A future post will consider that topic. It’s not pretty.

9 thoughts on “UGLINESS INSIDE THE AM LAW 100 — PART I

  1. Massively disproportionate income distribution, concentrated at the top. Gee, that sounds a lot like Corporate America, where obscene greed has been institutionalized and, at least among the beneficiaries, celebrated.

  2. BigLaw has only two choices as I see it:

    1. Keep tuning the current business model: steer towards higher margin work (almost all firms chasing the same puck), reduce fixed costs (out-source, flexi-attorneys, lean, etc) and/or reduce equity points sharing the pie. Logic suggests these only buy time and slow down an inexorable decline in PPP (boiled frog style).

    2. Invent or adopt new business models. Experience suggests Christiansen’s innovator’s dilemma will prevent (almost) all firms from trying this path.

    It’s not pretty, as you say.

    • George,
      In early 2009, when firms began their draconian cost-cutting, I was reminded of the old poster of the predatory food chain, illustrated by a series of increasingly larger fish simultaneously poised to devour the smaller fish in front of it. I thought then that it was an apt metaphor for the crude price-based competition that firms embraced when faced for the first time with a shrinking demand pie and increasing supply competition. Each law firm tier was vulnerable to a price-based attack on their soft underbelly by firms below them.

      The problem was that the firms at the top had nobody above them to cannibalize, and also had the highest and most intractable human+facility costs. That caused me to predict that within five years, 25% of the AmLaw 100 would no longer exist as then constituted, i.e., they’d either have failed or merged. It’s starting to look like the only thing wrong with that prediction was the time line. It’s taking longer, but I’ll agree with your description, “inexorable.”

  3. Thanks Mike. Our modelling of and scenarios for Australian BigLaw firms indicates PPP halved within 10 years. My knowledge of US and UK firms suggests they are no different. And look to New Zealand to see the slide now clearly visible – and accepted by most of the large firms and irreversible.

  4. To the extent you can, please use your contacts to reveal the internal pay spreads of various firms. Which firms are still relatively evenly distributed (4:1 or 3:1)?

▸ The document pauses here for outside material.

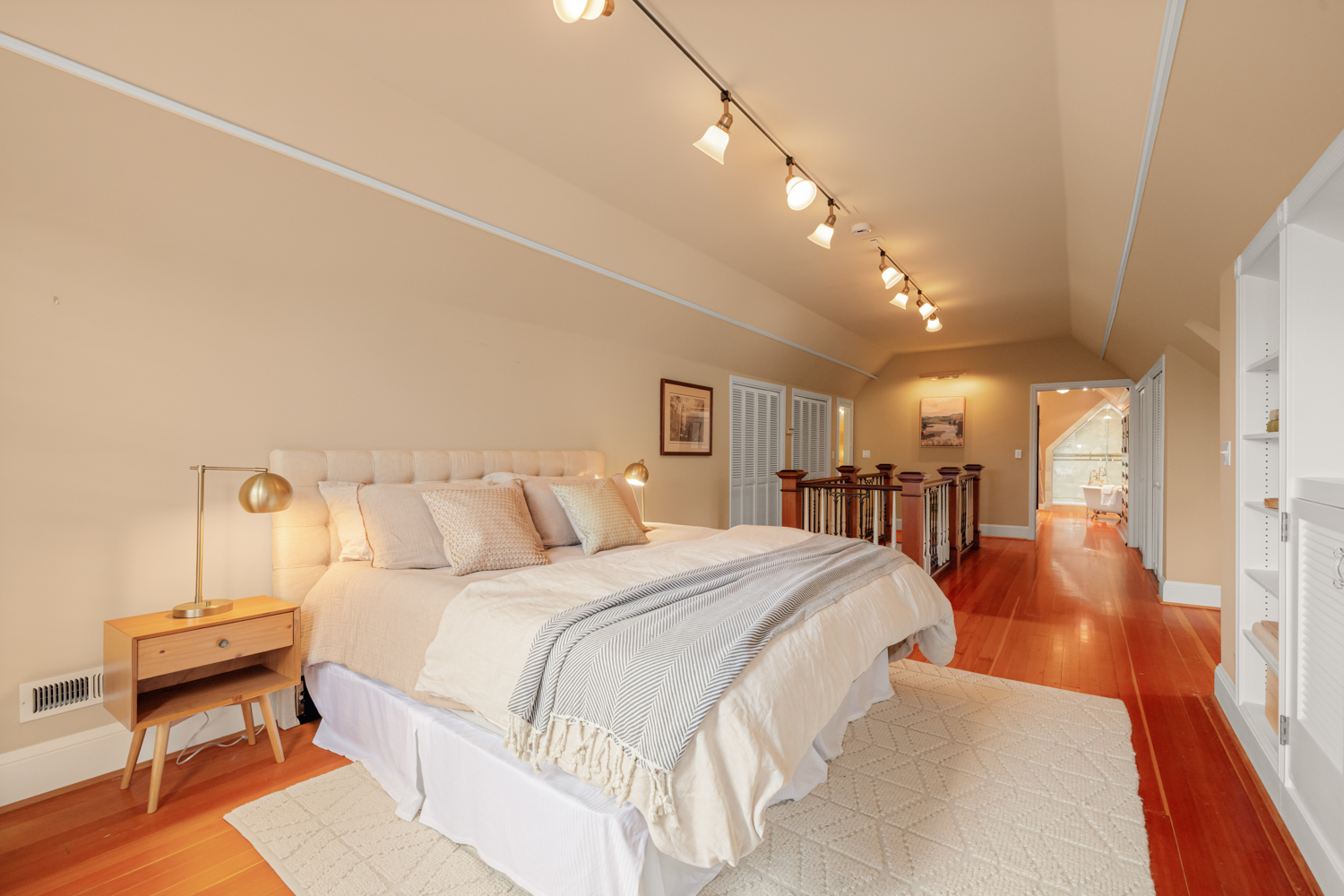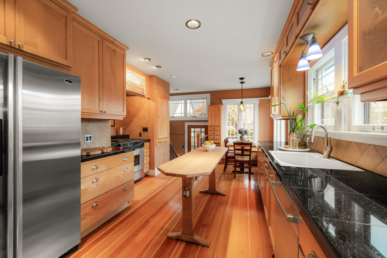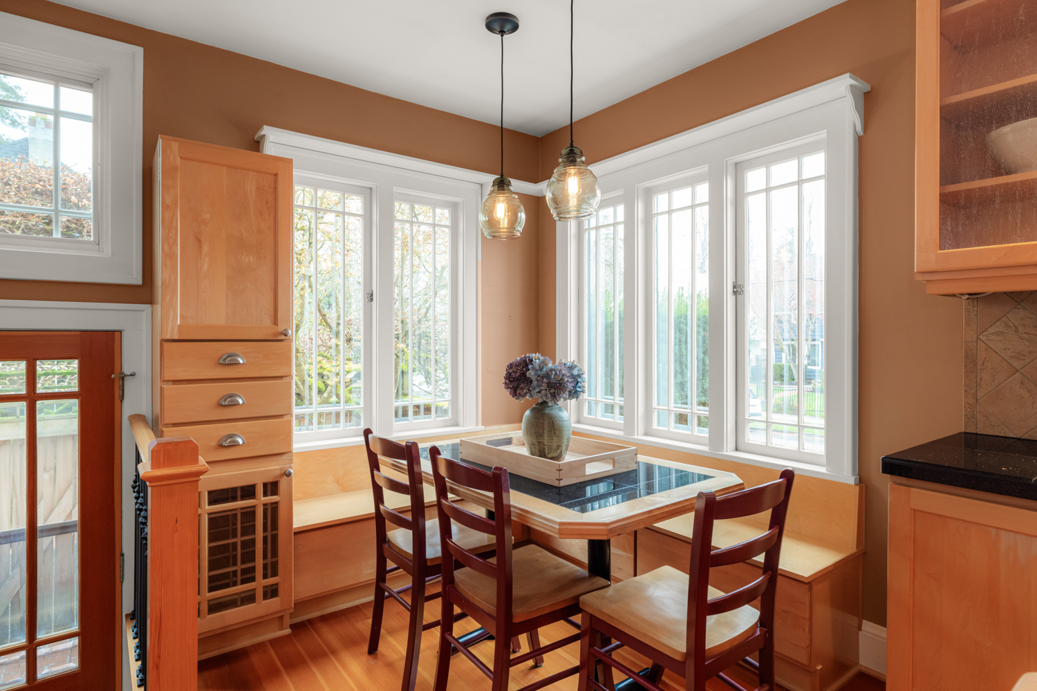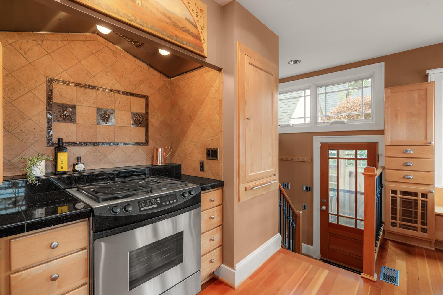 This elegant 1926 home, where refined European ambiance meets sophisticated updates, occupies a prized corner lot in historic Irvington. Step inside to discover bright spaces with beautifully-maintained hardwood floors, intricate crown molding, and an inviting entryway. The spacious living room features a gas fireplace and French doors opening to an east-facing sunroom bathed in morning light. The formal dining room showcases custom built-in glass cabinets with black granite countertops and museum-quality display lighting—perfect for showcasing treasured collections. In the updated kitchen, a long island provides ample prep space, complemented by a sun-drenched breakfast nook. Two generous main-level bedrooms, one featuring a space-saving Murphy bed with built-in storage, share a full bath with distinctive tin ceiling, penny tile flooring, and subway tile walls. Upstairs, a primary bedroom offers abundant natural light, custom built-ins, and a spa-inspired bathroom featuring a clawfoot tub, rain showerhead, built-in bench, and skylight. The room opens to a private sun deck with wrought iron railing, a tiered fountain, innovative A-tech flooring, and a custom drip system for container gardens—an ideal spot for morning coffee or evening relaxation. A large, well-lit basement provides practical storage and laundry facilities. Thoughtful modern systems include dual HVAC with separate heat and air conditioning for each level, an automatic attic fan, and a six-zone in-ground sprinkler system with dedicated drip irrigation for the beds. In the backyard, a brick patio creates an intimate entertaining space surrounded by mature patio gardens. Nestled within blocks of coffee shops, boutiques, and neighborhood restaurants, and only minutes from Whole Foods, this distinguished residence offers a rare opportunity in one of the city’s most coveted neighborhoods.

  5. “Focus on clients”. A very good idea. To what extent is that considered in the partner compensation review process of the average large national or international firm?

  6. The UK is I think in a similar position to the US and indeed Australia too. I think we will soon see some massive realignments take place whereby the mighty will be forced to recut their cloth so they can survive in this changing landscape.